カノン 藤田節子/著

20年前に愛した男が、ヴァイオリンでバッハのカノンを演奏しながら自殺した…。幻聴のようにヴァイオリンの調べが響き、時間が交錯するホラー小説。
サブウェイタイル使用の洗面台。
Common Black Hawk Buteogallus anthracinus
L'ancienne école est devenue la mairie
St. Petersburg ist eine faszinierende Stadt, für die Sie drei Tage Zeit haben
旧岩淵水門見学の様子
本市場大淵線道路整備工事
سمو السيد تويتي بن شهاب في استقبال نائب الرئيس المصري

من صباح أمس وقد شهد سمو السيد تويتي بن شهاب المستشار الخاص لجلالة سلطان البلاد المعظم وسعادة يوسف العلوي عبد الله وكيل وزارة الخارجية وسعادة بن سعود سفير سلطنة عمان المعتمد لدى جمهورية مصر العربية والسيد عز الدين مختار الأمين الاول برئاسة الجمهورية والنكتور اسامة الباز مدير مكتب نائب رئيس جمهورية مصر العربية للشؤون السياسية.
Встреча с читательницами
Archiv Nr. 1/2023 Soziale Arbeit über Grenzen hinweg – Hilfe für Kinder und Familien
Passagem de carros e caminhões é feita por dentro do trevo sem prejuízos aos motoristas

══════════

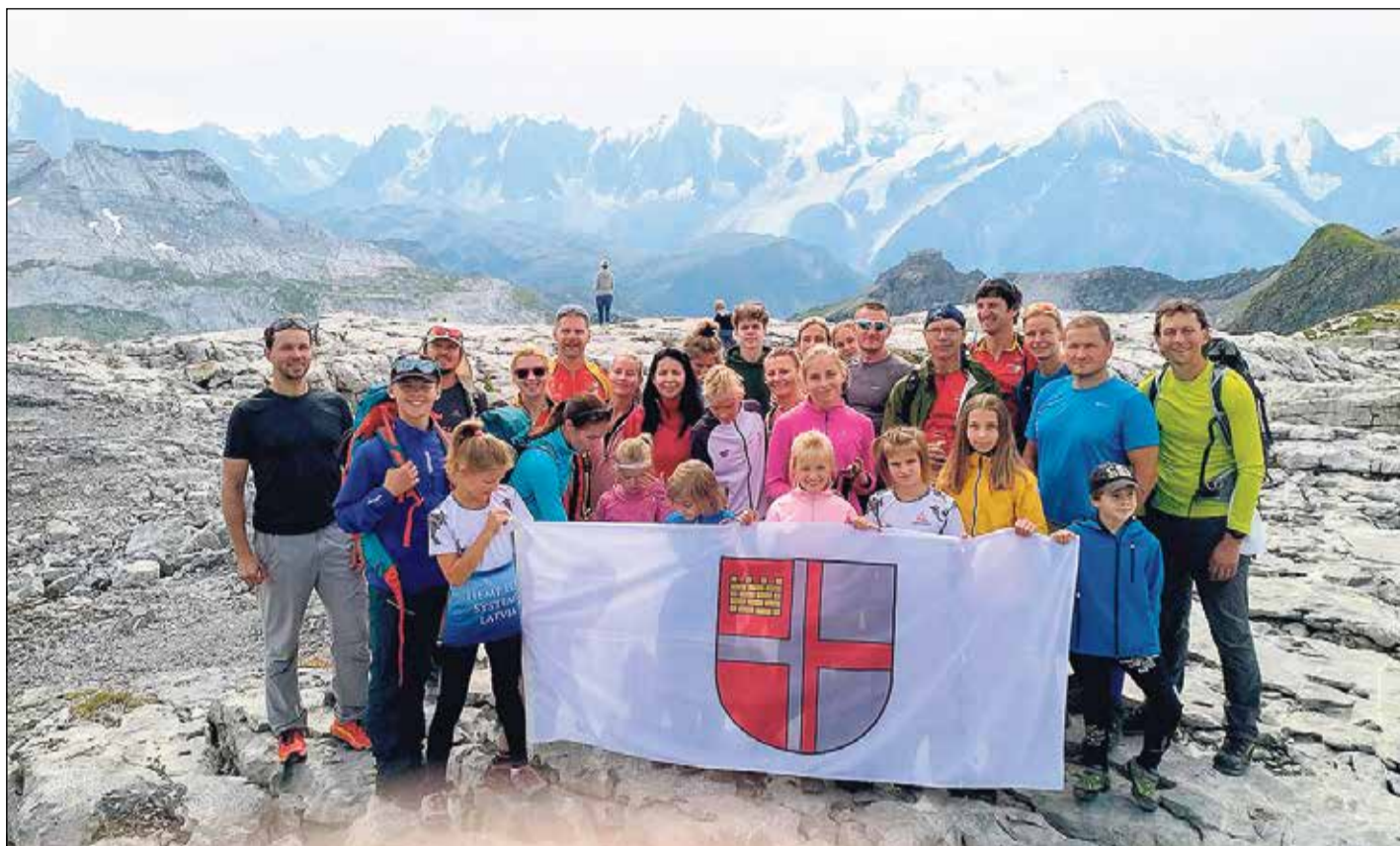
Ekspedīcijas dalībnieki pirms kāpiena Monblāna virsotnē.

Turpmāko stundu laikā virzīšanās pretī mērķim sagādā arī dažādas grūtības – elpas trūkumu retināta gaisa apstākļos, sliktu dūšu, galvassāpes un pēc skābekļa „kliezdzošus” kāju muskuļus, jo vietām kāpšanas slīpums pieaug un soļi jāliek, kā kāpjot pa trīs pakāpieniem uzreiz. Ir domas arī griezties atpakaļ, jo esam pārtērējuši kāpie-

══════════

● **ASSIGNMENT**: Please copy out each line of the listing above that contains the string "نائب".

● **SOLUTION TO THIS EXERCISE**:
سمو السيد تويتي بن شهاب في استقبال نائب الرئيس المصري
من صباح أمس وقد شهد سمو السيد تويتي بن شهاب المستشار الخاص لجلالة سلطان البلاد المعظم وسعادة يوسف العلوي عبد الله وكيل وزارة الخارجية وسعادة بن سعود سفير سلطنة عمان المعتمد لدى جمهورية مصر العربية والسيد عز الدين مختار الأمين الاول برئاسة الجمهورية والنكتور اسامة الباز مدير مكتب نائب رئيس جمهورية مصر العربية للشؤون السياسية.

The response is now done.